You realize that you can use McLaurin series to actually prove things about functions, right?

>> No.10507988

>fundamental theorem of algebra
>being a theorem of algebra

>> No.10507996

Don't know how it's done in other unis, but basically the first year of uni-level maths is all you need for any science undergrad (working through linear algebra and vector calculus, discrete math, set theory) then the next 2 years involved the rug getting swept out from beneath you to redo the whole of the material in accordance with standards of "mathematical rigor" (which will vary wildly depending on your professor) and then 4th year you take really interesting classes and kill yourself because you didn't get into a decent grad school with any sort of scholarship and a BsC in maths is totally useless and you'll never get to unlock the secrets of the universe

>> No.10509444



>> No.10509458

Yeah I'm aware that McLaurin series is a way of proving e or something like that. Newton did it, I think.
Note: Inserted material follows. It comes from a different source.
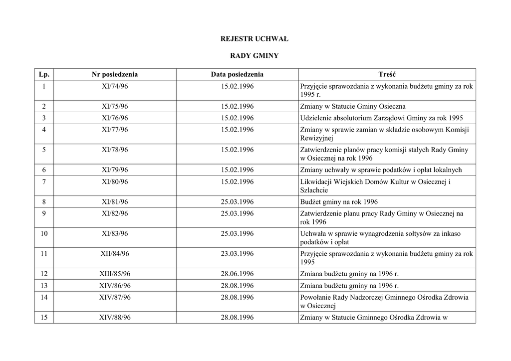 REJESTR UCHWAŁ RADY GMINY Lp. Nr posiedzenia Data posiedzenia Treść 1 XI/74/96 15.02.1996 Przyjęcie sprawozdania z wykonania budżetu gminy za rok 1995 r. 2 XI/75/96 15.02.1996 Zmiany w Statucie Gminy Osieczna 3 XI/76/96 15.02.1996 Udzielenie absolutorium Zarządowi Gminy za rok 1995 4 XI/77/96 15.02.1996 Zmiany w sprawie zamian w składzie osobowym Komisji Rewizyjnej 5 XI/78/96 15.02.1996 Zatwierdzenie planów pracy komisji stałych Rady Gminy w Osiecznej na rok 1996 6 XI/79/96 15.02.1996 Zmiany uchwały w sprawie podatków i opłat lokalnych 7 XI/80/96 15.02.1996 Likwidacji Wiejskich Domów Kultur w Osiecznej i Szlachcie 8 XI/81/96 25.03.1996 Budżet gminy na rok 1996 9 XI/82/96 25.03.1996 Zatwierdzenie planu pracy Rady Gminy w Osiecznej na rok 1996 10 XI/83/96 25.03.1996 Uchwała w sprawie wynagrodzenia sołtysów za inkaso podatków i opłat 11 XII/84/96 23.03.1996 Przyjęcie sprawozdania z wykonania budżetu gminy za rok 1995 12 XIII/85/96 28.06.1996 Zmiana budżetu gminy na 1996 r. 13 XIV/86/96 28.08.1996 Zmiana budżetu gminy na 1996 r. 14 XIV/87/96 28.08.1996 Powołanie Rady Nadzorczej Gminnego Ośrodka Zdrowia w Osiecznej 15 XIV/88/96 28.08.1996 Zmiany w Statucie Gminnego Ośrodka Zdrowia w REJESTR UCHWAŁ RADY GMINY Osiecznej 16 XV/89/96 5.11.1996 Uchwała w sprawie procedury uchwalania budżetu oraz rodzaju i szczegółowości materiałów informacyjnych towarzyszących projektowi budżetu 17 XV/90/96 5.11.1996 Zmiana nazwy sołectwa 18 XV/91/96 5.11.1996 Uchwała w sprawie statutu gminy Osieczna 19 XV/93/96 5.11.1996 Uchwała w sprawie liczby punktów sprzedaży napojów alkoholowych 20 XV/94/96 5.11.1996 Uchwała w sprawie podatku od środków transportowych 21 XV/95/96 5.11.1996 Uchwała w sprawie podatków i opłat lokalnych 22 XV/96/96 5.11.1996 Uchwała w sprawie uchwalenia zmiany do miejscowego planu ogólnego zagospodarowania przestrzennego gminy Osieczna dotyczącej działki nr 215/1 położonej we wsi Szlachta w gminie Osieczna 23 XV/97/96 5.11.1996 Uchwalenie zmiany do miejscowego planu ogólnego zagospodarowania przestrzennego gminy Osieczna dotyczącej działki nr 399 położonej we wsi Szlachta w gminie Osieczna 24 XV/98/96 5.11.1996 Uchwalenie zmiany do miejscowego planu ogólnego zagospodarowania przestrzennego gminy Osieczna dotyczącej działek nr 433, 434, 435 położonych we wsi Szlachta w gminie Osieczna 25 XVI/99/96 30.12.1996 Uchwała w sprawie szczegółowych zasad przyznawania i odpłatności za usługi opiekuńcze, oraz szczegółowych zasad częściowego lub całkowitego zwolnienia od opłat REJESTR UCHWAŁ RADY GMINY 26 XVI/100/96 30.12.1996 Uchwała zmieniająca uchwałę w sprawie podatków i opłat lokalnych 27 XVI/101/96 30.12.1996 Uchwała zmieniająca uchwałę w sprawie podatku od środków transportowych 28 XVI/102/96 30.12.1996 Ustalenie opłaty za wodę pobieraną z wodociągów wiejskich na obszarze gminy Osieczna 29 XVI/103/96 30.12.1996 Zmiana imienia Publicznej Szkoły Podstawowej w Osiecznej 30 XVI/104/96 30.12.1996 Zmiana imienia Publicznej Szkoły Podstawowej w Szlachcie 31 XVI/105/96 30.12.1996 Uchwała w sprawie ograniczenia używania materiałów pirotechnicznych 32 XVI-106/96 30.12.1996 Zmiany budżetu gminy na 1996 r.

But that doesn't change the fact that stuff isn't the mclauring series, the mclaurin series is just an approximation approaching infinity so you _say_ that it is the same thing.

An atom is not identical to another atom. But they're so similar that it's more convenient to simply say they are.

>> No.10509477

>theorem that states that the complex numbers are algebraically closed is not a theorem of algebra

>> No.10509481

No wait that was euler who did, ofc.